--- START ---
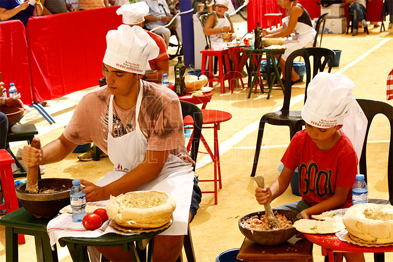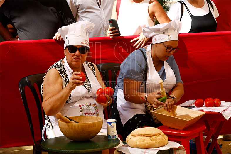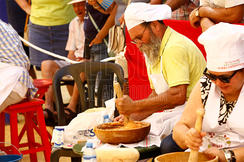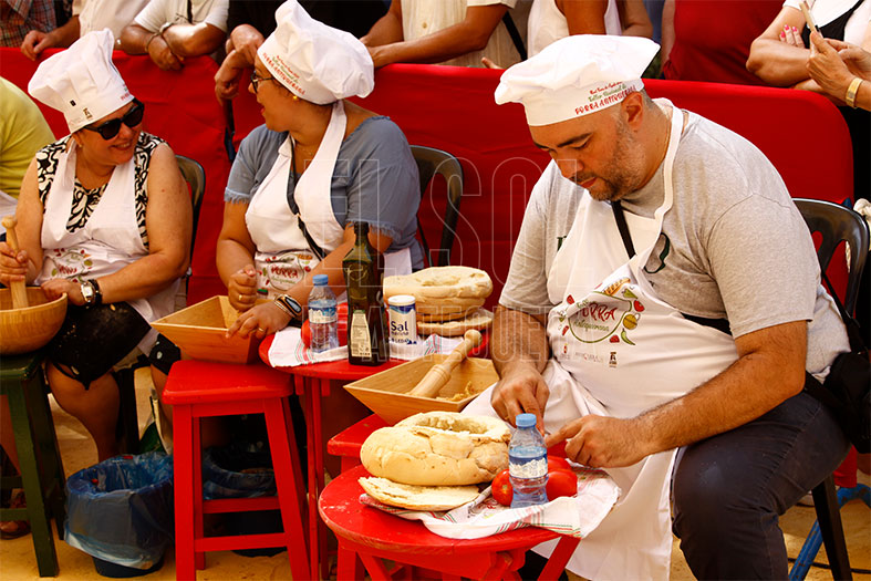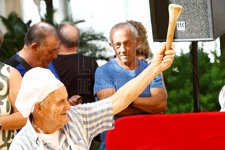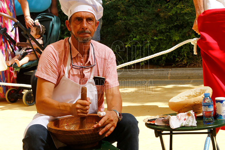 Este año, el del 275 aniversario de la Real Feria, se optó por dar una clase en vez del tradicional concurso. Se pedía acudir con la maja y el dornillo, mazo y plato especial para elaborarla, para empezar la aventura entre una y dos horas a realizar el típico plato a mano.
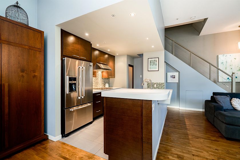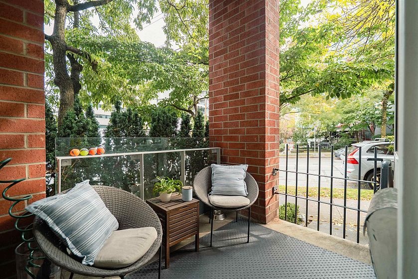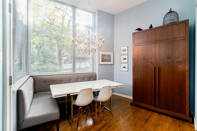Come see this absolute gem! Rarely available turret-style townhome with your own private entrance at The Omega! Situated in the heart of popular Fairview, this bright, northeast corner residence features soaring 11' ceilings, dramatic floor-to-ceiling windows+ a super spacious open-plan design. The main level includes a curved living room wall, gas fireplace, open kitchen with stainless steel appliances, separate dining area, powder room for guests+ mudroom/pantry. Upstairs offers a king-sized primary with deep closet+ ensuite, a generous second bedroom+ a 3-piece bath with walk-in shower. Amazing, community-focused, friendly neighbourhood+ just steps to Whole Foods, the Seawall, Granville Island, transit+ a quick zip by train to YVR.
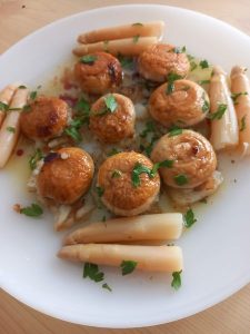 Pues ayer , por el aquel de hacer la comora un lunes , vimos en el «super» que estaban colocando unas bandejas ( 300 g) , recién recibidas , de champiñones , tamaño mediano grande ,de cultivo . Preciosos , blancos , gruesos semiesfericos…Una tentación piadosa.
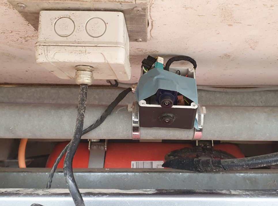 Hier mal die Einbaulage von der Kamera unter dem Aufbau, in einer IP67 AP Abzweigdose.
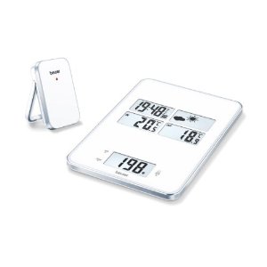 Erfreulich ist wiederum, dass das große LCD-Display aus beleuchtet ist. Dies verbessert nämlich um einiges die Ablesbarkeit der Ziffern, die wiederum eine Größe von 2,3 Zentimetern haben. Die maximale Tragkraft der Wetterstation beläuft sich auf fünf Kilogramm, gewogen wird in 1-Gramm-Schritten. Die Zuwiegfunktion ist mittlerweile eine Selbstverständlichkeit bei digitalen Küchenwaagen und daher auch in diesem Fall natürlich vorhanden. Das Design schließlich ist ausgesprochen hübsch, das solide Sicherheitsglas in Weiß verleiht der Küchenwaage eine gewisse edle, moderne Anmutung.Zu haben ist das Kombigerät für knapp über 80 EUR (Amazon), wer also tatsächlich von seiner Küchenwaage unbedingt auch noch erfahren will, wie spät es ist und wie das Wetter wird, muss demnach recht tief in die Tasche greifen. Nicht ganz so tief fällt der Griff aus, wenn die aktuellen Daten zur Luftfeuchtigkeit sowie die Uhrzeit ausreichen. Denn die KS 49 von Beurer ist momentan schon für 34 EUR (Amazon) zu haben.
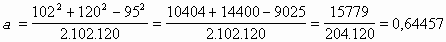 Uporabi kosinusni izrek : c2 = a2 + b2 – 2.a.b.cos g c2 = 72 + 5,52 - 2.7.5,5.cos 54º31'c2 = 49+30,25 - 77.0,58046 c2 = 34,5548 c = c = 5,88m Kot a bi lahko izračunal po sinusnem izreku sin a : sin g = a : c ! Izračunal ga boš iz kosinusnega izreka: a2 = b2 + c2 – 2.b.c.cos a a2 - b2 - c2 = - 2bc.cos a /(-1) b2 + c2 - a2 = 2bc.cos a / delimo z 2bc cos a = cos a = cos a = 0,24466 a = 75º50'Kot b dobiš iz obrazca za vsoto kotov v triktniku. b = 1800 – ( a + g ) b = 1800 – ( 75º50' + 54º31' )b = 1800 – 1300 21' b = 490 38' b) Znane so vse tri stranice trikotnika: 1. Reši trikotnik s podatki a = 95cm, b = 102cm, c = 120cm a , b , g = ? Iz a2 = b2 + c2 – 2. b . c .
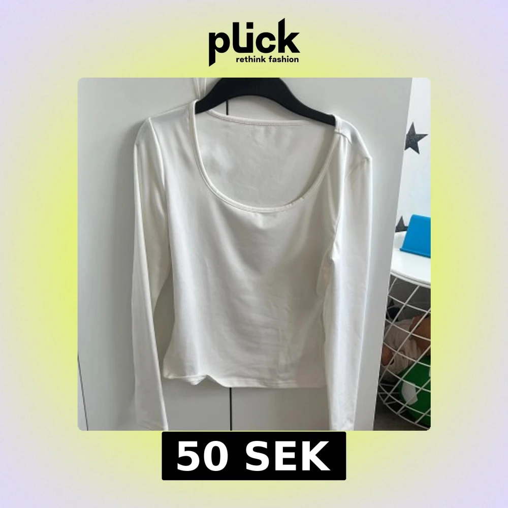 En enkel och stilren vit långärmad topp med rundad, djup urringning. Perfekt att matcha med jeans eller kjol för en clean look. Mjuk och skön bomullskänsla.
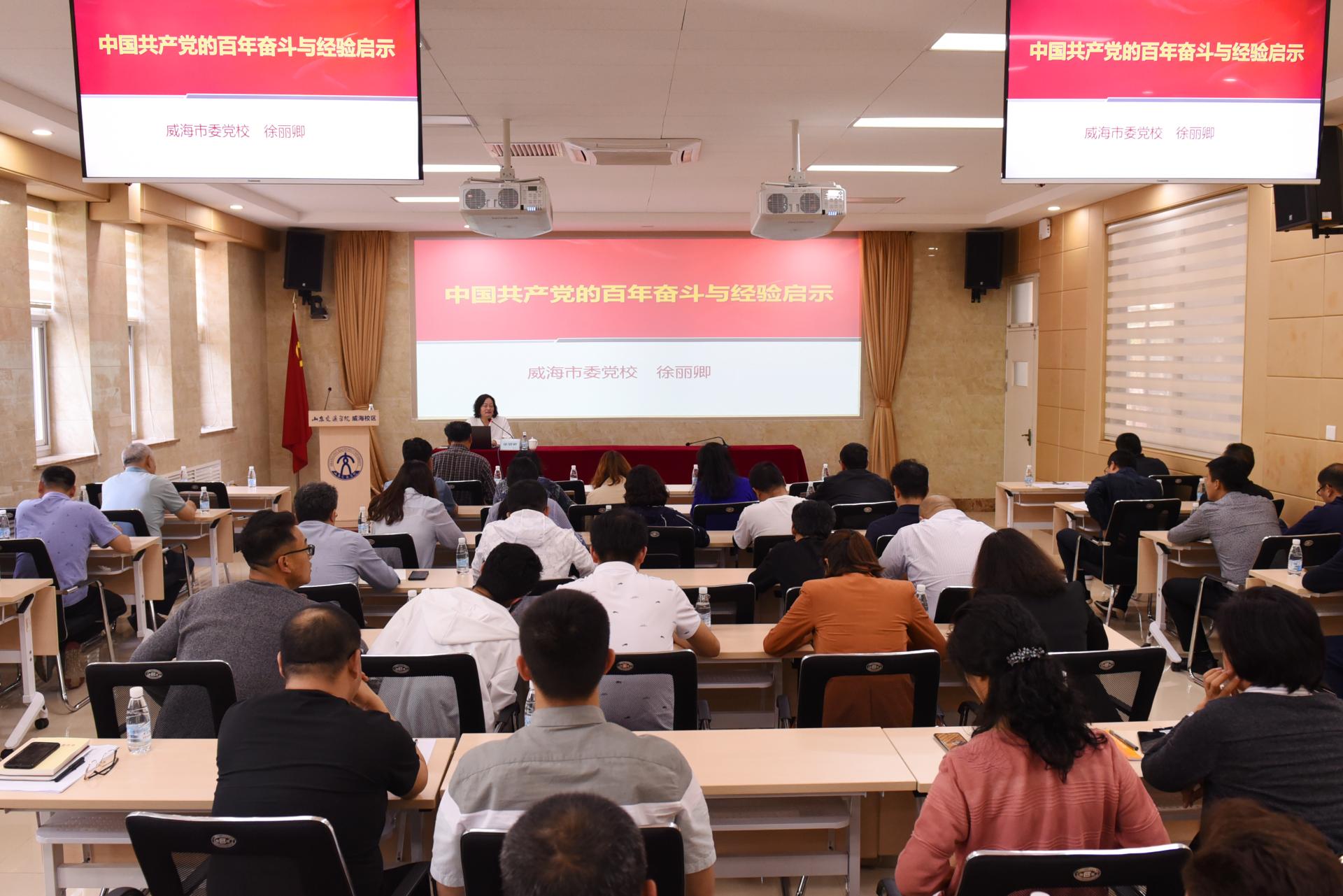 为深入学习百年党史,感悟百年风华,扎实推进学史明理、学史增信、学史崇德、学史力行,6月2日,威海校区机关党总支在校区第一报告厅举办党史学习教育专题党课,邀请中共威海市委宣讲团成员、威海党性教育基地主讲教师、威海市委党校副教授徐丽卿同志作题为《中国共产党的百年奋斗与经验启示》的专题讲座。威海校区机关党总支书记刘庆波主持会议。
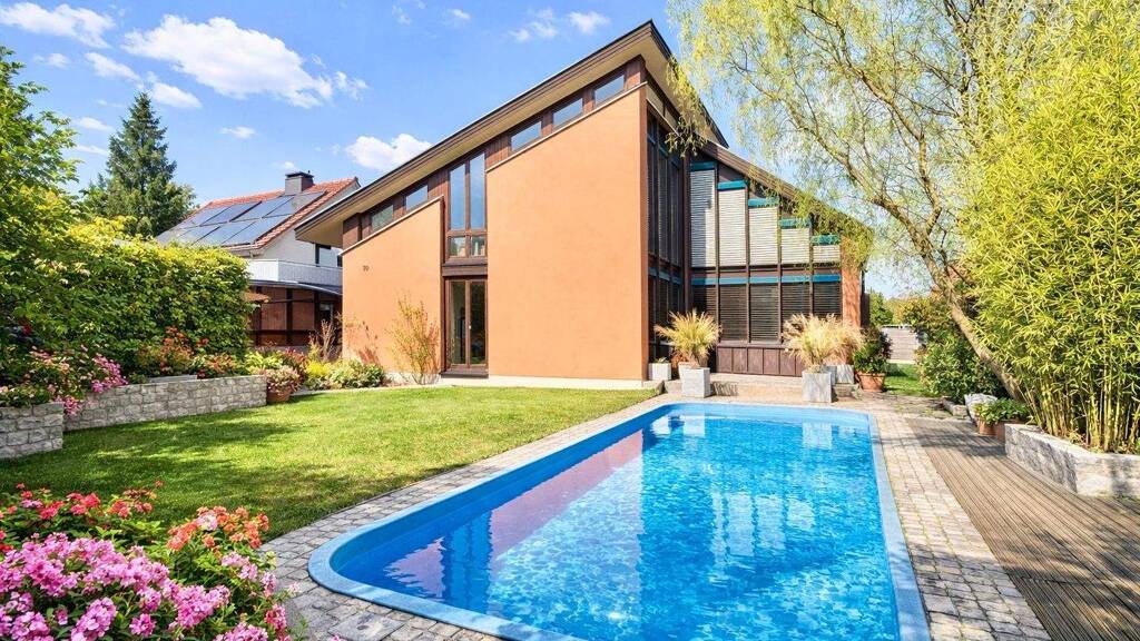 Helles Architektenhaus in ruhiger und grüner Bestlage von Dresden-Zschieren mit folgender Ausstattung: * schöner Garten mit Pool * große Terrasse vor dem Haus Richtung Pool * eine weitere sonnengeschützte Terrasse hinter dem Haus * große Garage am Haus * großes und sehr helles Wohnzimmer * teilweise Fußbodenheizung * ausgebautes Souterrain/Gartengeschoss * zwei Bäder plus Gäste-WC * elektrische Jalousien an fast allen Fenstern * Einbauküche vorhanden * sehr hochwertige Fußböden * Heizung neuwertige Brennwert-Therme Weitere Informationen und Grundrisse und Besichtigungen gerne auf Anfrage. Dieses und weitere Angebote finden Sie unter www.dresdden.de
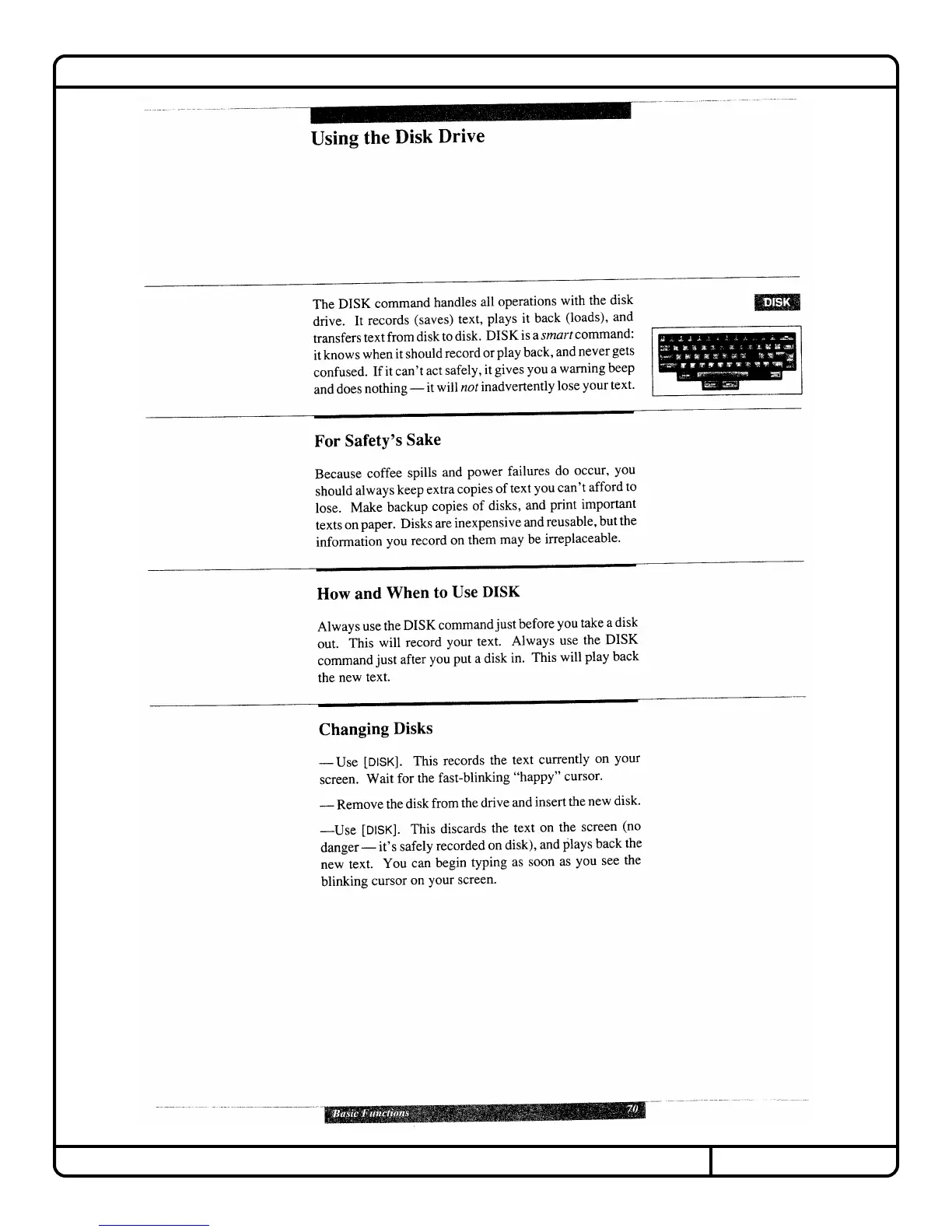 Canon Cat - Disk Drive Operations; Disk Safety Precautions; Using the DISK Command
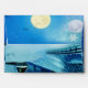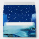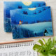 A teal & dark blue snowy star background with a snowman and a flying Santa on his sleigh sending reindeer through the sky fantasy scene.
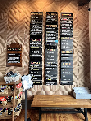 A tasty new place for BBQ in Loveland. Located in an old church and very attractive inside and out. We were pretty pleased with the food and would definitely come back and try some of their other dishes. The pulled pork and brisket were both delicious with lots of flavor and just the right level of moistness. The green beans were not the best I've ever had... Maybe needed a little more salty pork flavor. The white chicken chili was so-so ... Could have used more chicken and fewer beans... Would honestly rather eat my own. The cheddar grits were delicious and the star for me. Tried the red and white BBQ sauces .. Both were quite good on their own, but the real treat was combining them. Finally, the Mac and Cheese...I love a good Mac and Cheese... And this wasn't it. Has a sweetness to it that I just...
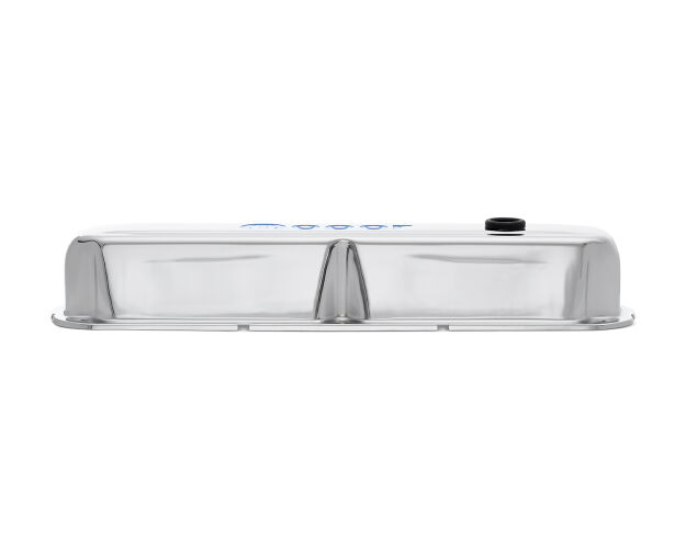 Here's a look that's new, and eye catching! The vintage MOPAR emblem has been stamped into these valve covers, then hand painted with a shade of blue matches engine blocks from the era. Oil restricting baffles are pre-installed. All valve covers are sold in pairs, and come equipped with air breather and PCV grommets, unless specified otherwise.
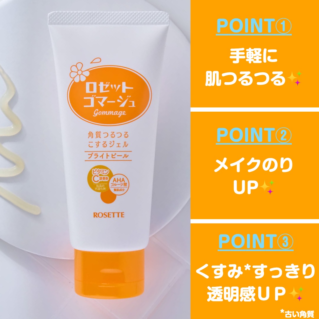ロゼットゴマージュ ブライトピール @rosette.official 日頃の洗顔だけでは落としきれない 不要な角質をオフしてくれる ピーリングジェルです。 クリアピールとブライトピールの2種展開で、 こちらのブライトピールは ビタミンC誘導体*配合です。 *アスコルビン酸硫酸2Na(製品の抗酸化剤) 透明のみずみずしいテクスチャーのジェル。 くるくるとお肌に馴染ませていくと ポロポロに変化していくのが楽しいよね。 すっきりとした使い心地が気持ちいいですよ! #PR #ロゼット株式会社 #ロゼット #rosette #monipla 2026/01/12
--- END ---
Could you retype all the entries above exactly, without the pictures?

→ Exercise solution:
 Este año, el del 275 aniversario de la Real Feria, se optó por dar una clase en vez del tradicional concurso. Se pedía acudir con la maja y el dornillo, mazo y plato especial para elaborarla, para empezar la aventura entre una y dos horas a realizar el típico plato a mano.
Come see this absolute gem! Rarely available turret-style townhome with your own private entrance at The Omega! Situated in the heart of popular Fairview, this bright, northeast corner residence features soaring 11' ceilings, dramatic floor-to-ceiling windows+ a super spacious open-plan design. The main level includes a curved living room wall, gas fireplace, open kitchen with stainless steel appliances, separate dining area, powder room for guests+ mudroom/pantry. Upstairs offers a king-sized primary with deep closet+ ensuite, a generous second bedroom+ a 3-piece bath with walk-in shower. Amazing, community-focused, friendly neighbourhood+ just steps to Whole Foods, the Seawall, Granville Island, transit+ a quick zip by train to YVR.
 Pues ayer , por el aquel de hacer la comora un lunes , vimos en el «super» que estaban colocando unas bandejas ( 300 g) , recién recibidas , de champiñones , tamaño mediano grande ,de cultivo . Preciosos , blancos , gruesos semiesfericos…Una tentación piadosa.
 Hier mal die Einbaulage von der Kamera unter dem Aufbau, in einer IP67 AP Abzweigdose.
 Erfreulich ist wiederum, dass das große LCD-Display aus beleuchtet ist. Dies verbessert nämlich um einiges die Ablesbarkeit der Ziffern, die wiederum eine Größe von 2,3 Zentimetern haben. Die maximale Tragkraft der Wetterstation beläuft sich auf fünf Kilogramm, gewogen wird in 1-Gramm-Schritten. Die Zuwiegfunktion ist mittlerweile eine Selbstverständlichkeit bei digitalen Küchenwaagen und daher auch in diesem Fall natürlich vorhanden. Das Design schließlich ist ausgesprochen hübsch, das solide Sicherheitsglas in Weiß verleiht der Küchenwaage eine gewisse edle, moderne Anmutung.Zu haben ist das Kombigerät für knapp über 80 EUR (Amazon), wer also tatsächlich von seiner Küchenwaage unbedingt auch noch erfahren will, wie spät es ist und wie das Wetter wird, muss demnach recht tief in die Tasche greifen. Nicht ganz so tief fällt der Griff aus, wenn die aktuellen Daten zur Luftfeuchtigkeit sowie die Uhrzeit ausreichen. Denn die KS 49 von Beurer ist momentan schon für 34 EUR (Amazon) zu haben.
 Uporabi kosinusni izrek : c2 = a2 + b2 – 2.a.b.cos g c2 = 72 + 5,52 - 2.7.5,5.cos 54º31'c2 = 49+30,25 - 77.0,58046 c2 = 34,5548 c = c = 5,88m Kot a bi lahko izračunal po sinusnem izreku sin a : sin g = a : c ! Izračunal ga boš iz kosinusnega izreka: a2 = b2 + c2 – 2.b.c.cos a a2 - b2 - c2 = - 2bc.cos a /(-1) b2 + c2 - a2 = 2bc.cos a / delimo z 2bc cos a = cos a = cos a = 0,24466 a = 75º50'Kot b dobiš iz obrazca za vsoto kotov v triktniku. b = 1800 – ( a + g ) b = 1800 – ( 75º50' + 54º31' )b = 1800 – 1300 21' b = 490 38' b) Znane so vse tri stranice trikotnika: 1. Reši trikotnik s podatki a = 95cm, b = 102cm, c = 120cm a , b , g = ? Iz a2 = b2 + c2 – 2. b . c .
 En enkel och stilren vit långärmad topp med rundad, djup urringning. Perfekt att matcha med jeans eller kjol för en clean look. Mjuk och skön bomullskänsla.
 为深入学习百年党史,感悟百年风华,扎实推进学史明理、学史增信、学史崇德、学史力行,6月2日,威海校区机关党总支在校区第一报告厅举办党史学习教育专题党课,邀请中共威海市委宣讲团成员、威海党性教育基地主讲教师、威海市委党校副教授徐丽卿同志作题为《中国共产党的百年奋斗与经验启示》的专题讲座。威海校区机关党总支书记刘庆波主持会议。
 Helles Architektenhaus in ruhiger und grüner Bestlage von Dresden-Zschieren mit folgender Ausstattung: * schöner Garten mit Pool * große Terrasse vor dem Haus Richtung Pool * eine weitere sonnengeschützte Terrasse hinter dem Haus * große Garage am Haus * großes und sehr helles Wohnzimmer * teilweise Fußbodenheizung * ausgebautes Souterrain/Gartengeschoss * zwei Bäder plus Gäste-WC * elektrische Jalousien an fast allen Fenstern * Einbauküche vorhanden * sehr hochwertige Fußböden * Heizung neuwertige Brennwert-Therme Weitere Informationen und Grundrisse und Besichtigungen gerne auf Anfrage. Dieses und weitere Angebote finden Sie unter www.dresdden.de
 Canon Cat - Disk Drive Operations; Disk Safety Precautions; Using the DISK Command
 A teal & dark blue snowy star background with a snowman and a flying Santa on his sleigh sending reindeer through the sky fantasy scene.
 A tasty new place for BBQ in Loveland. Located in an old church and very attractive inside and out. We were pretty pleased with the food and would definitely come back and try some of their other dishes. The pulled pork and brisket were both delicious with lots of flavor and just the right level of moistness. The green beans were not the best I've ever had... Maybe needed a little more salty pork flavor. The white chicken chili was so-so ... Could have used more chicken and fewer beans... Would honestly rather eat my own. The cheddar grits were delicious and the star for me. Tried the red and white BBQ sauces .. Both were quite good on their own, but the real treat was combining them. Finally, the Mac and Cheese...I love a good Mac and Cheese... And this wasn't it. Has a sweetness to it that I just...
 Here's a look that's new, and eye catching! The vintage MOPAR emblem has been stamped into these valve covers, then hand painted with a shade of blue matches engine blocks from the era. Oil restricting baffles are pre-installed. All valve covers are sold in pairs, and come equipped with air breather and PCV grommets, unless specified otherwise.
ロゼットゴマージュ ブライトピール @rosette.official 日頃の洗顔だけでは落としきれない 不要な角質をオフしてくれる ピーリングジェルです。 クリアピールとブライトピールの2種展開で、 こちらのブライトピールは ビタミンC誘導体*配合です。 *アスコルビン酸硫酸2Na(製品の抗酸化剤) 透明のみずみずしいテクスチャーのジェル。 くるくるとお肌に馴染ませていくと ポロポロに変化していくのが楽しいよね。 すっきりとした使い心地が気持ちいいですよ! #PR #ロゼット株式会社 #ロゼット #rosette #monipla 2026/01/12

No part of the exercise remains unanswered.